METHODS: Key efficacy outcomes were remission at week 26 and sustained remission at week 52. Additional outcomes included glucocorticoid toxicity, estimated glomerular filtration rate (eGFR), urinary albumin-to-creatinine ratio (UACR) and safety.

RESULTS: Of 330 patients receiving study medication, 116 (35.2%) received CYC (avacopan group, n=59; prednisone taper group, n=57). Remission at week 26 and sustained remission at week 52 were achieved by 37/59 (62.7%) and 33/59 (55.9%) patients in the avacopan group and 34/57 (59.6%) and 30/57 (52.6%) in the prednisone taper group, respectively. Over 52 weeks, relapses were observed in 13.0% in the avacopan group and 22.6% in the prednisone taper group. Improvement in eGFR, speed of albuminuria reduction and differences in glucocorticoid toxicity favoured the avacopan group. Serious adverse events occurred in 55.9% and 56.1% of patients in the avacopan and prednisone taper groups, respectively.

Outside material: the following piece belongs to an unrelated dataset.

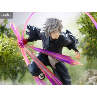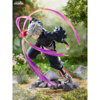 This 1/7 scale PVC figure, made by FuRyu as part of the F:Nex collection, stands about 20 cm tall. Gabimaru launches from a rocky base, surrounded by sculpted energy effects that add real motion to the scene. His midnight blue robe, wrapped bandages, silver hair, and piercing gaze are all finely detailed. A striking piece, caught in the moment before chaos — essential for fans of this complex ninja.

CONCLUSIONS: This subgroup analysis of patients who received CYC shows similar rates of remission in the avacopan and prednisone taper groups. Compared with the prednisone taper regimen, the avacopan regimen was associated with a numerically lower relapse rate, greater improvement in eGFR, faster reduction in UACR, lower glucocorticoid-related toxicity and similar overall safety. These results support the use of avacopan in combination with CYC to treat GPA or MPA.

TRIAL REGISTRATION NUMBER: NCT02994927.